#### Problem requirements:
Find the line with "Poker chips with" in the data below. Repeat it and every line after it up to the end, exactly, but drop the pictures.
------ Recorded information
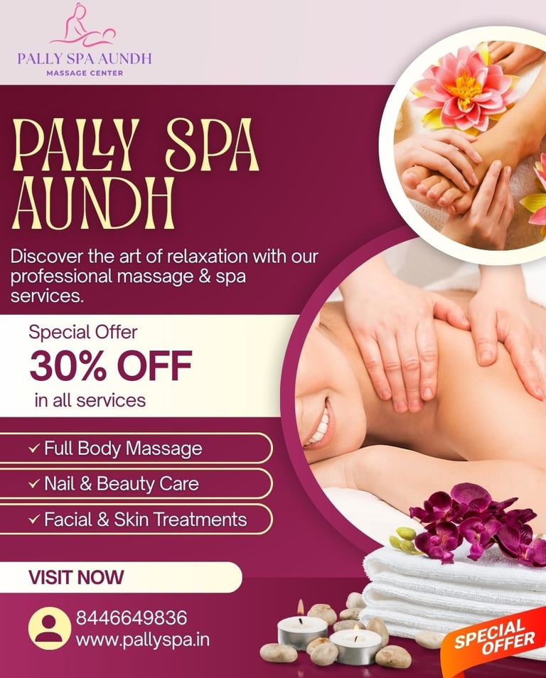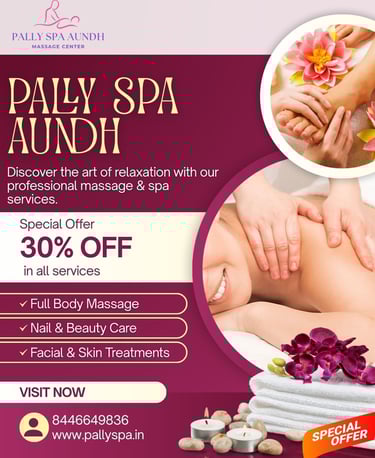 Pally Spa Aundh, established in 2019 by Pravin Gajanan Gaikwad, is a sanctuary of relaxation and rejuvenation located in the heart of Pune. Our spa is designed to provide a serene escape from the hustle and bustle of daily life, offering an array of luxurious treatments that promote holistic wellness and tranquility. With a team of skilled therapists and a commitment to using high-quality products, we ensure every visit is a journey of indulgence and renewal.
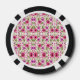 Poker chips with a vibrant pink floral pattern set against a white background. Bold black and white segments circle the edges, creating a striking contrast.
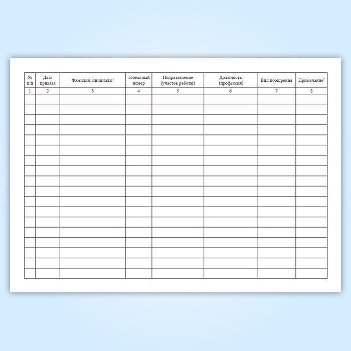 Журнал учета приказов (распоряжений) о поощрениях имеет графы:
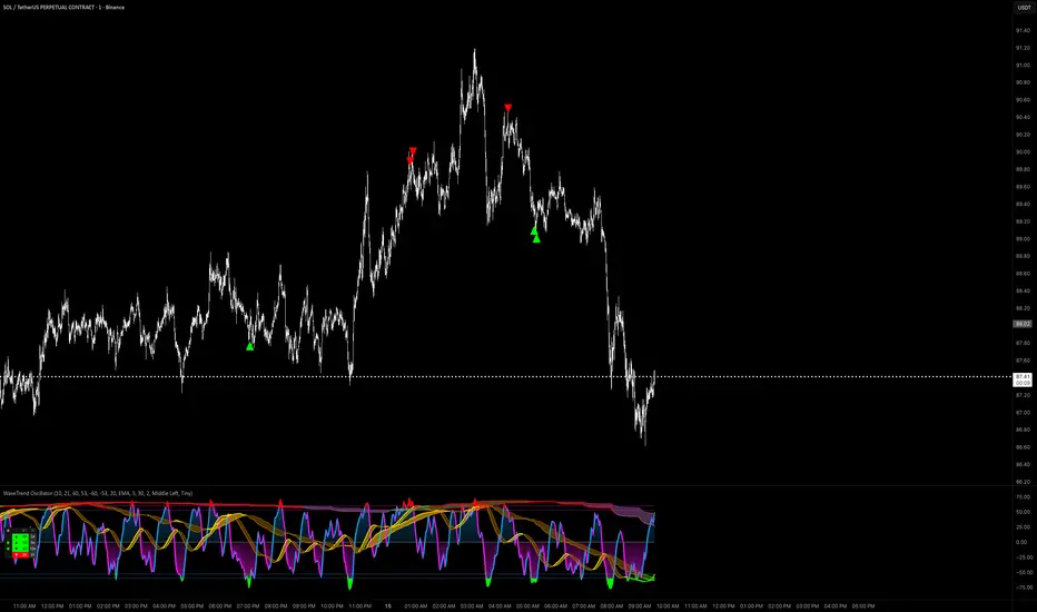 The base WaveTrend calculation (EMA of HLC3 → absolute deviation smoothing → normalized CI → EMA to WT1 → SMA to WT2) is a known public-domain algorithm. The originality of this indicator is in the three systems built on top of it.
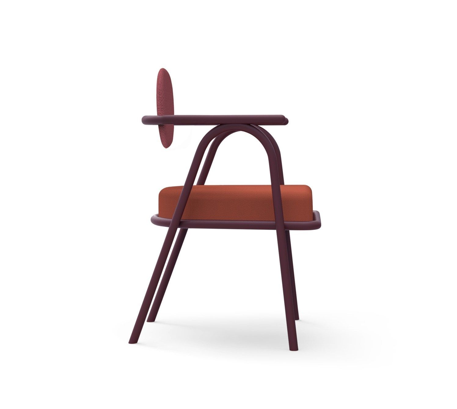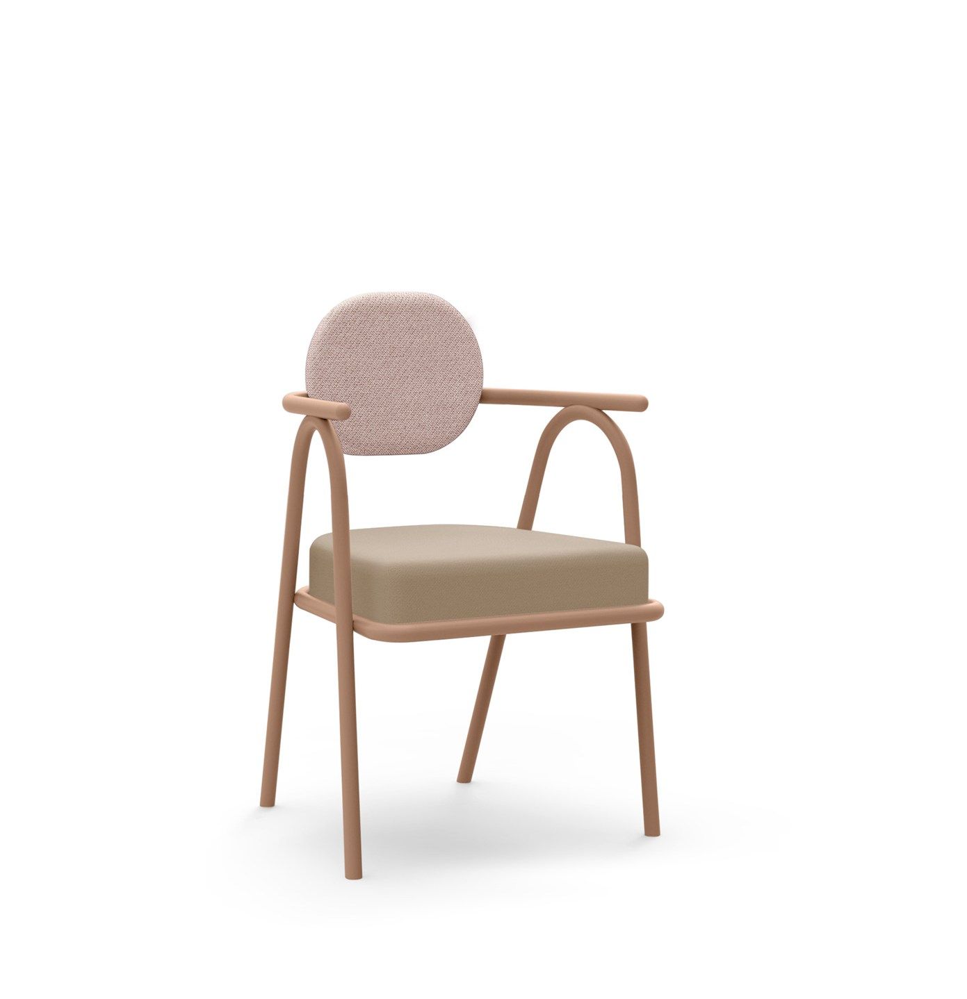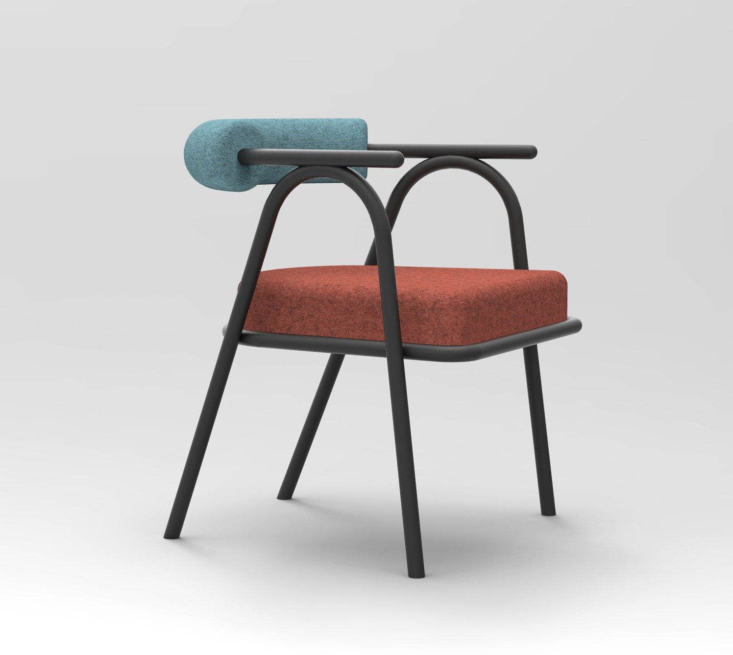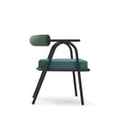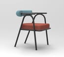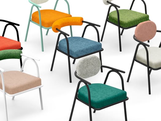 Il gioco di contrasti è poi evidente, non solo nell’accostamento dei colori, ma anche nella ricerca dei volumi tra lo schienale e la seduta, e la scocca esile e monocromatica che si muove sinuosa attraversando le forme accoglienti degli imbottiti.
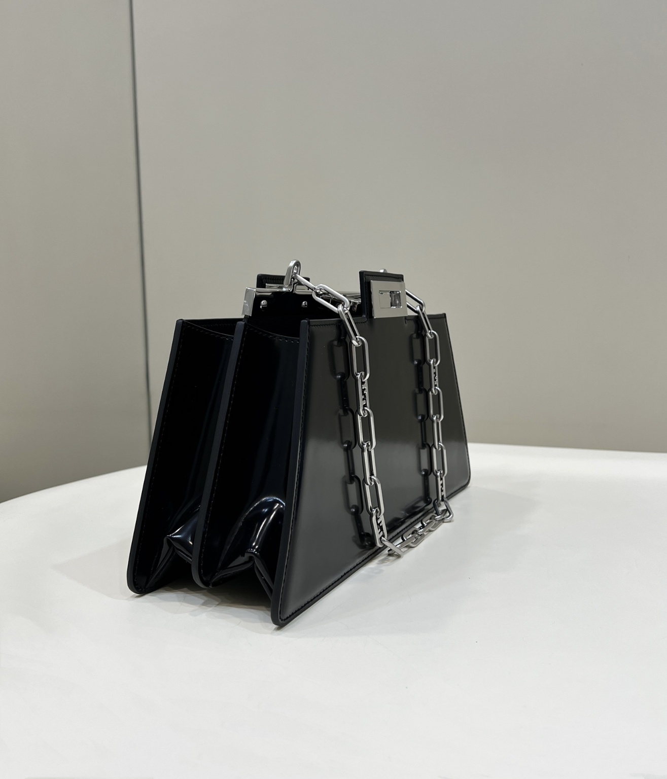 Peekaboo Cut 미디엄 사이즈 클러치 전가죽으로 연출한 Peekaboo의 매력적인 가로 컷팅 디자인 메탈 크로스바와 양쪽의 클래식한 뿔 자물쇠 O'Lock 디테일이 돋보이는 체인으로 토트와 숄더로 연출 사이즈34*18.5*11
------------
#### Task result:
 Poker chips with a vibrant pink floral pattern set against a white background. Bold black and white segments circle the edges, creating a striking contrast.
 Журнал учета приказов (распоряжений) о поощрениях имеет графы:
 The base WaveTrend calculation (EMA of HLC3 → absolute deviation smoothing → normalized CI → EMA to WT1 → SMA to WT2) is a known public-domain algorithm. The originality of this indicator is in the three systems built on top of it.
 Il gioco di contrasti è poi evidente, non solo nell’accostamento dei colori, ma anche nella ricerca dei volumi tra lo schienale e la seduta, e la scocca esile e monocromatica che si muove sinuosa attraversando le forme accoglienti degli imbottiti.
 Peekaboo Cut 미디엄 사이즈 클러치 전가죽으로 연출한 Peekaboo의 매력적인 가로 컷팅 디자인 메탈 크로스바와 양쪽의 클래식한 뿔 자물쇠 O'Lock 디테일이 돋보이는 체인으로 토트와 숄더로 연출 사이즈34*18.5*11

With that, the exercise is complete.